▶ **Exercise brief**
Please repeat, exactly as written, every line from the one containing "まさに職人さん泣かせの素材で" through the last line of the records, both included, and leave out any pictures.
☆ ☆ ☆ ☆
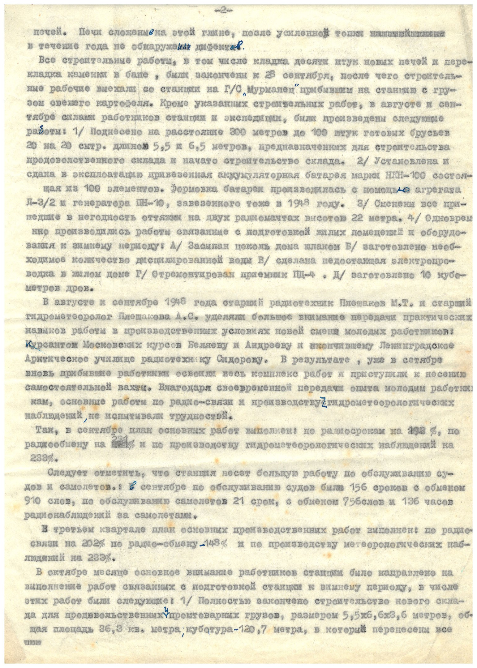 Все строительные работы, в том числе кладка десяти штук новых печей и перекладка каменки в бане, была закончена к 28 сентября, после чего строительные рабочие выехали со станции на Г/С "Мурманец" прибывшим на станцию с грузом свежего картофеля. Кроме указанных строительных работ, в августе и сентябре силами работников станции и экспедиции, были произведены следующие работы: 1/ Поднесено на расстояние 300 метров до 100 штук готовых брусьев 30 на 20 смтр. длиною 5,5 и 6,5 метров, предназначенных для строительства продовольственного склада и начато строительство склада. 2/ Установлена и сдана в эксплоатацию привезенная аккумуляторная батарея марки НКН-100 состоящая из 100 элементов. Формовка батареи производилась с помощью агрегата Л-3/2 и генератора ПН-10, завезенного тоже в 1948 году. 3/ Сменены все пришедшие в негодность оттяжки на двух радиомачтах высотою 22 метра. 4/ Одновременно производились работы связанные с подготовкой жилых помещений и оборудования к зимнему периоду: А/ Засыпан цоколь дома шлаком Б/ заготовлено необходимое количество дистиллированной воды В/ сделана недостающая электропроводка в жилом доме Г/ Отремонтирован приемник ПД-4. Д/ заготовлено 10 кубометров дров.
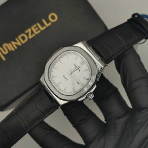 Luxurious Silver Watch with Black Leather Strap ( white )
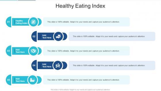 Introducing our well designed Healthy Eating Index In Powerpoint And Google Slides Cpb. This PowerPoint design presents information on topics like Healthy Eating Index. As it is predesigned it helps boost your confidence level. It also makes you a better presenter because of its high quality content and graphics. This PPT layout can be downloaded and used in different formats like PDF, PNG, and JPG. Not only this, it is available in both Standard Screen and Widescreen aspect ratios for your convenience. Therefore, click on the download button now to persuade and impress your audience. Our Healthy Eating Index In Powerpoint And Google Slides Cpb are topically designed to provide an attractive backdrop to any subject. Use them to look like a presentation pro.
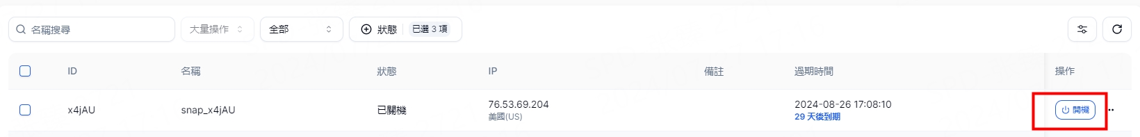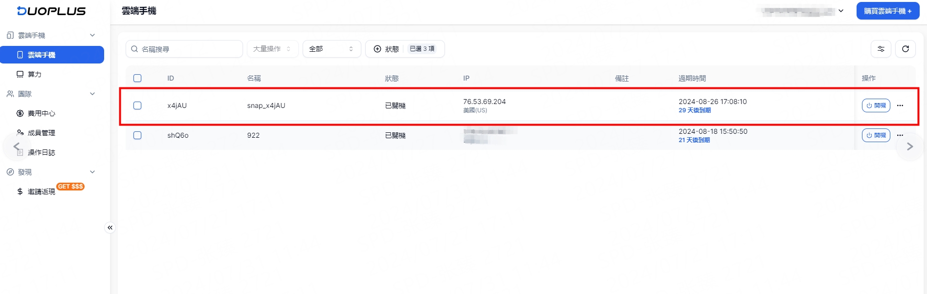 1)創建好雲手機之後,即可正常開啟雲手機使用,用戶可按照需求選擇計費模式,按時計費(餘額充足)或者購買固定算力(隨時開機),點擊【開機】。
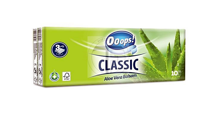 Papiertaschentücher, 3-lagig, 10x10 Stück, OOOPS „Classic“, Aloe Vera Packung
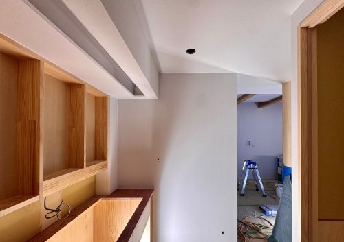 まさに職人さん泣かせの素材ですが、矢野工務店のクロス職人が丁寧に仕上げてくれており、
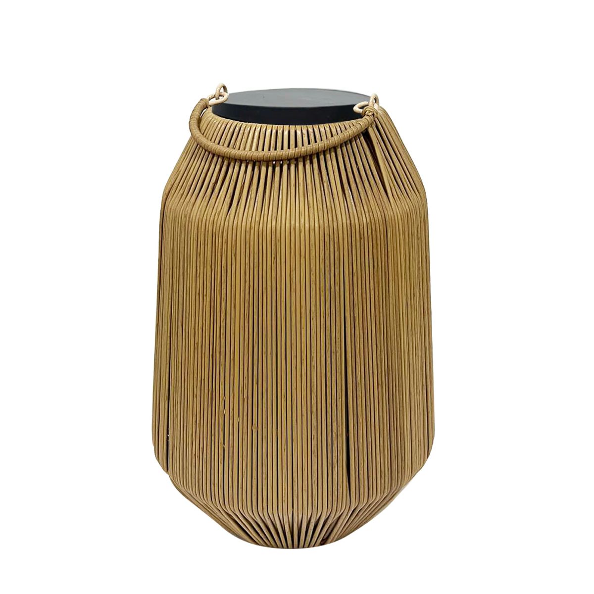 Illuminate your outdoor evenings with the Nature Craft Rattan Solar Lantern. This beautifully crafted lantern features a vertical rattan slat design, offering a warm, natural aesthetic. Equipped with a discreet solar panel on top, it automatically charges during the day and casts a gentle glow at night, providing eco-friendly and effortless ambient lighting.
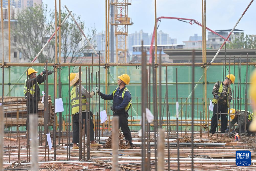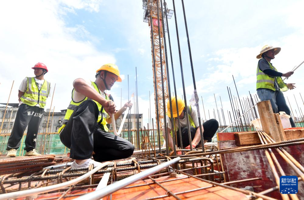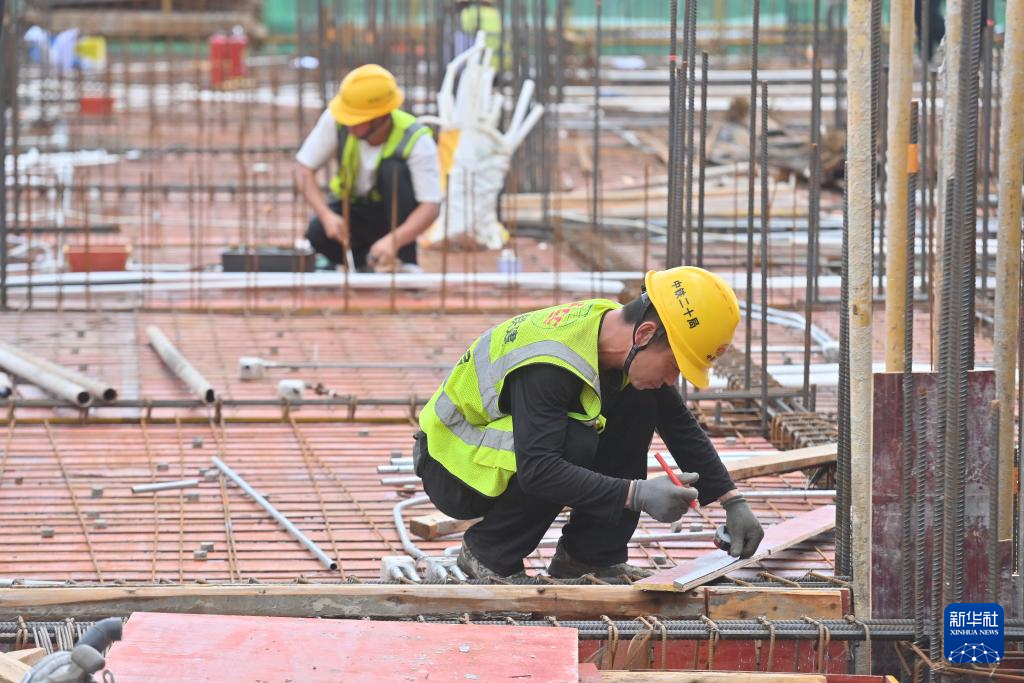6月16日,中铁二十局工人在南宁市鸡村城中村改造项目建设现场施工作业。
☆ ☆ ☆ ☆
▶ **Answer below**
 まさに職人さん泣かせの素材ですが、矢野工務店のクロス職人が丁寧に仕上げてくれており、
 Illuminate your outdoor evenings with the Nature Craft Rattan Solar Lantern. This beautifully crafted lantern features a vertical rattan slat design, offering a warm, natural aesthetic. Equipped with a discreet solar panel on top, it automatically charges during the day and casts a gentle glow at night, providing eco-friendly and effortless ambient lighting.
6月16日,中铁二十局工人在南宁市鸡村城中村改造项目建设现场施工作业。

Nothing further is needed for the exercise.